Admittedly, it did make me a bit sad that I'm now on the outside and not as close to them as I used to be. When you work somewhere for years, you really get close with people there, and being around them again made me see how much I miss that closeness. I'm still getting to know everyone at my new job, and I know keeping it professional is more of a priority, but gaining friendships out of it would be nice too.

Thankfully, last Friday our office had our holiday celebration, which was a walking tour of eateries in downtown Sacramento. It was fabulous! I ate what could feed a small village, and walking to each location allowed us all to chat and laugh.

I loved having that personal time with my co-workers, and it made me realize that instead of being sad to leave old friends, I should be happy to have a whole slew of potential new ones. Also, one co-worker had a jewelry party at her house on Thursday, which was a blast! So I feel like I'm slowly getting more comfortable and becoming less of the "new girl" and more of a permanent member of the team.

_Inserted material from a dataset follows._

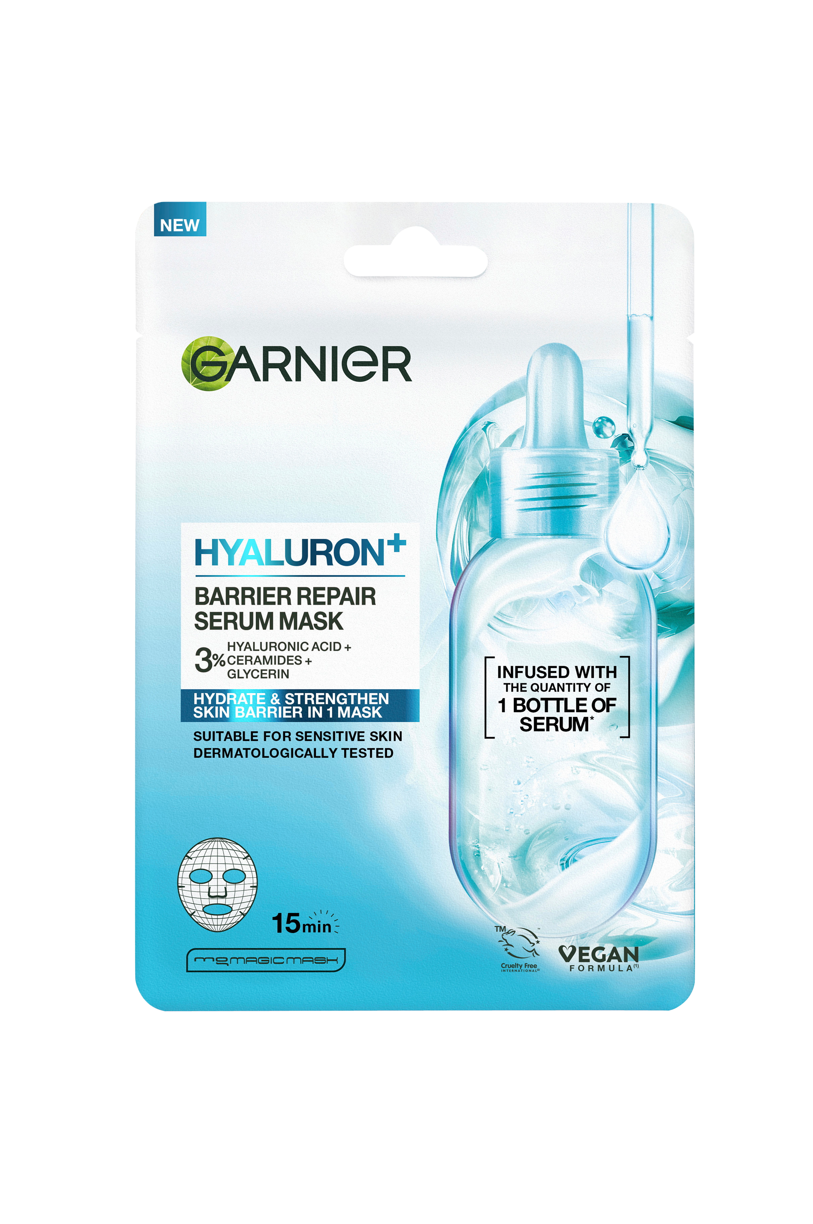 Garnier Hyaluron+ Barrier Repair Serum Sheet Mask er en sheetmaske til dig med sensitiv hud. Masken har en forme, der er beriget med hyaluronsyre og ceramider for at hjælpe med at fugte tør hud. Masken er beriget med en mængde der svarar til en flaske serum* og hjælper med at styrken hudens barriere**. Resultat? Huden føles mere fugtet, glattere og mere smidig allerede efter første brug***. Passer alle hudtyper, også tør hud.

This weekend was awesome! I performed with my tap class at our studio's Christmas show, and thanks to the boyfriend's mom bringing a crew of friends, I had quite the cheering section. Plus, my best friend came, which was a nice cherry on top. After the show, Ty, his mom, her said friends and I went to dinner and a taped concert for the band Blame Sally. It's going to air on our local PBS affiliate, and the intimate show was incredible! I'd never seen this band, but they are Ty's mom's favorite, and they were great - a nice folky, rock, country girl band. Then yesterday was just my average productive day of running errands and cleaning.

Tonight I'm going Christmas shopping - at home! Ahhh, gotta love the Internet. I plan on not stepping one foot in a mall this year. Last year, I waited too long to do my shopping, and doing it last minute was a nightmare. I loathe crowds when I shop, so buying all my gifts online this year is the perfect solution.